Uns ist es jedenfalls mit einem Umweg in östliche Richtung gelungen den richtigen Weg mit der rot/weiß/roten Markeirung kurz vor der „Karlshütte zu finden.
Die zweite gelbe Markierung konnte erst am anderen Ende des Waldstückes ausgemacht werden. Diese war so hilfreich/geistreich am Waldrand aufgestellt, dass diese nur einfach den Weg aus den Wald hinaus wies oder vielleicht am ehesten Richtung Obergänserndorf.
Dieser Wegweiser wäre hilfreicher an der gegenüber liegenden Straßenseite anzubringen, um den weiteren Verlauf Richtung Höchberg leichter zu finden.
Eingeborene, welche die Gegend, wie ihre Westentasche kennen, benötigen vielleicht auch diese Markierungen nicht, da es für ihnen selbstverständlich ist den Weg so zu laufen.
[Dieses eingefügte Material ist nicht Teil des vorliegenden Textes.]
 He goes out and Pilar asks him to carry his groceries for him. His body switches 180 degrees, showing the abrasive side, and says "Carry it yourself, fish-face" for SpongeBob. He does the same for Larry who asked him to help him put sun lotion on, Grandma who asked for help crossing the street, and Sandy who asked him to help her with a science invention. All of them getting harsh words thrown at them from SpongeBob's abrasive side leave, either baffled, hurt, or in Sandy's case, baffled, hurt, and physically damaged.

Speziell bei Gruppen mit unterschiedlicher Geschwindigkeit der Teilnehmer wird das eine Herausforderung - vor allem dann, wenn der Führer diesen Abschnitt noch nicht gegangen ist.
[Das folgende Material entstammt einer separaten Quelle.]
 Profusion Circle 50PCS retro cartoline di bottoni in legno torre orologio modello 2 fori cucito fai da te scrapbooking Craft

Es wird ersucht die Verbesserungsvorschläge weiterzuleiten und vielen Dank für die Übermittlung der Fotos.
Mit freundlichen Grüßen
und einem BUEN CAMINO an alle PEREGRINOS
Andreas und Maria TÜRK
Frieden ist jeder Schritt.
Die strahlend rote Sonne ist mein Herz.
Jede Blüte lächelt mit mir.
Wie grün , wie frisch alles ist, was wächst.
Wie kühl der Wind weht.
Frieden ist jeder Schritt.
Er verwandelt den endlosen Pfad in Freude.